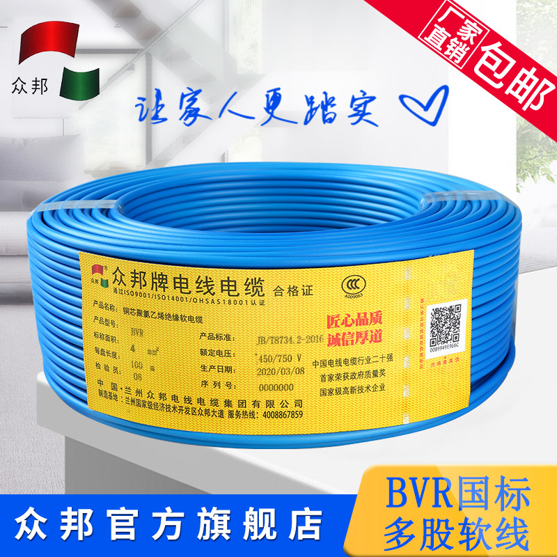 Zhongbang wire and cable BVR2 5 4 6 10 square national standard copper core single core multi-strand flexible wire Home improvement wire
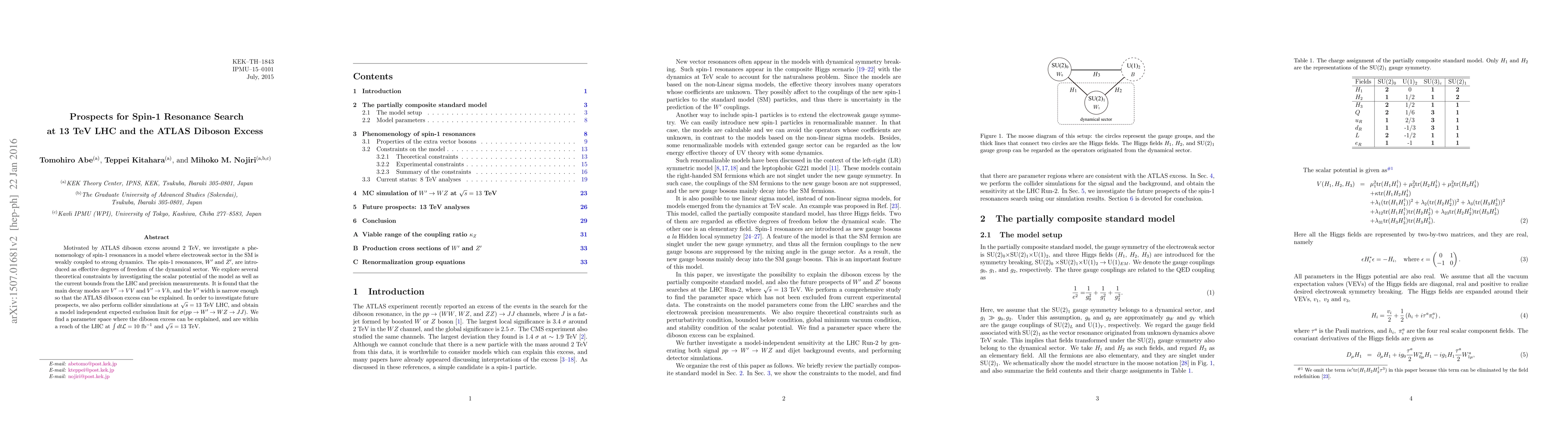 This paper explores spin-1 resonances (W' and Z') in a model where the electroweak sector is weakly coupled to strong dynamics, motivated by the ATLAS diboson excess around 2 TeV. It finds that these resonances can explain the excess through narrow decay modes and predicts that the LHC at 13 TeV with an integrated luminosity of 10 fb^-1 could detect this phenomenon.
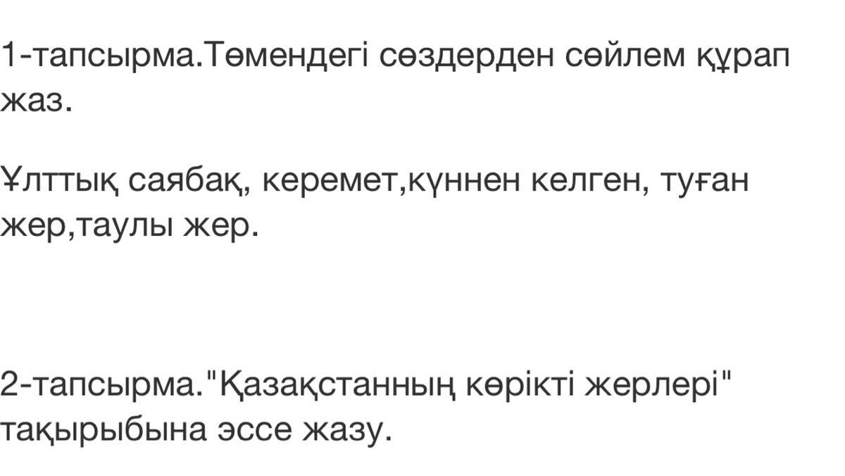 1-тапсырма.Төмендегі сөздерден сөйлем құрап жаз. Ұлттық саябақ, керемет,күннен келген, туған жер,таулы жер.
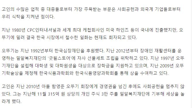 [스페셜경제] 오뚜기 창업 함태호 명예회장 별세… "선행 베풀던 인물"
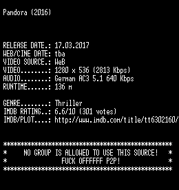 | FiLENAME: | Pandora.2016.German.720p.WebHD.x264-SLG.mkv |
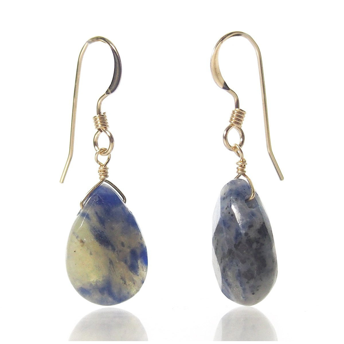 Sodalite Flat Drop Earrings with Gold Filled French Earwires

TASK DESCRIPTION: Produce an exact copy of the lines from the line containing "1-тапсырма.Төмендегі сөздерден сөйлем" to the end of the material, both ends included, and omit every picture.

TASK RESPONSE:
 1-тапсырма.Төмендегі сөздерден сөйлем құрап жаз. Ұлттық саябақ, керемет,күннен келген, туған жер,таулы жер.
 [스페셜경제] 오뚜기 창업 함태호 명예회장 별세… "선행 베풀던 인물"
 | FiLENAME: | Pandora.2016.German.720p.WebHD.x264-SLG.mkv |
 Sodalite Flat Drop Earrings with Gold Filled French Earwires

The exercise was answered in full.